In my abstract base class I now want to provide an interface to iterate over these objects. Given that I don't know (or rather don't want to fix) the type of container, I thought that iterators would probably be my best bet.
A conceptual declaration of this class might look like this:
class MyClass {
public:
// Other interface methods, e.g. size()
virtual Iterable<MyObject> objects() = 0;
};
The intention here is that I'll be able to iterate over the nested objects of my class like this:
MyClass *class = new ImplementationOfClass();
for (const MyObject &obj : class->objects()) {
// Do stuff with obj
}
The issue I am facing however is that I can't seem to figure out how Iterable<MyObject> should be defined.
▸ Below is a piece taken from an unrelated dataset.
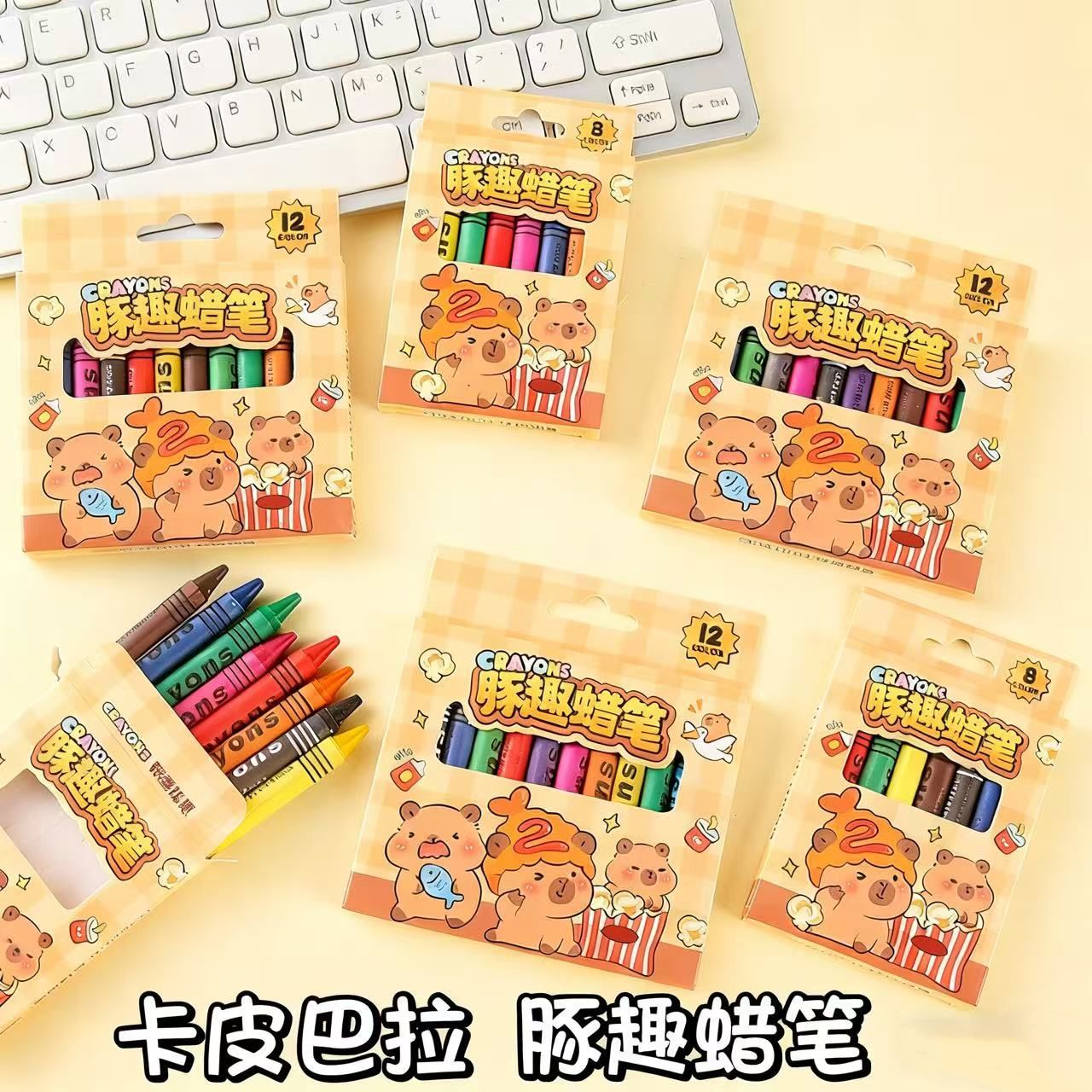 儿童彩色蜡笔8色12色卡皮巴拉蜡笔绘画涂鸦油画棒幼儿园文具奖品

The key property of this object is that at the time of defining this class I can only specify that the returned value will be iterable (using STL-style iterators) and will yield objects of type MyObject when the used iterator is dereferenced.
Normally I would use an abstract class on its own for this but it seems that this is very tricky (impossible?) since iterators are always passed by value and thus to my knowledge no Polymorphism is possible.
Questions dealing with how to pass arbitrary iterator types as arguments into a function always come up with the "use templates" answer. However I think in my case I can't use templates for that. This assumption might be wrong though, so feel free to correct me.
Essentially the barrier I always run into is that at some point I have to write down the iterator type explicitly which in my case I can't. I thought about using a template for that but this would then inhibit proper Polymorphism (I think?) because the user of that abstract interface seems to have the burden of explicitly initializing the correct template. The whole point of all of this however is that the caller does not have to care about the underlying structure.
TL;DR: Is there a way to create an interface class that only promises to be iterable and that dereferencing an iterator will yield an object of type T?
With the help of #FrançoisAndrieux and a hint from https://stackoverflow.com/a/4247445/3907364, I was able to come up with an approach to my problem.
Essentially the idea is to create an iterator-wrapper that stores a function to obtain an object of the given type if given an index. That index is then what is iterated on.
The nice thing about this is that the iterator interface is fixed by specifying the type of object that dereferencing it should return. The polymorphism comes into play by making the member function objects() virtual so that each sub-class can construct the iterator itself, providing a custom function pointer. Thus as long as there is a way to map an index to the respective element in the container (whichever is used), this trick is usable.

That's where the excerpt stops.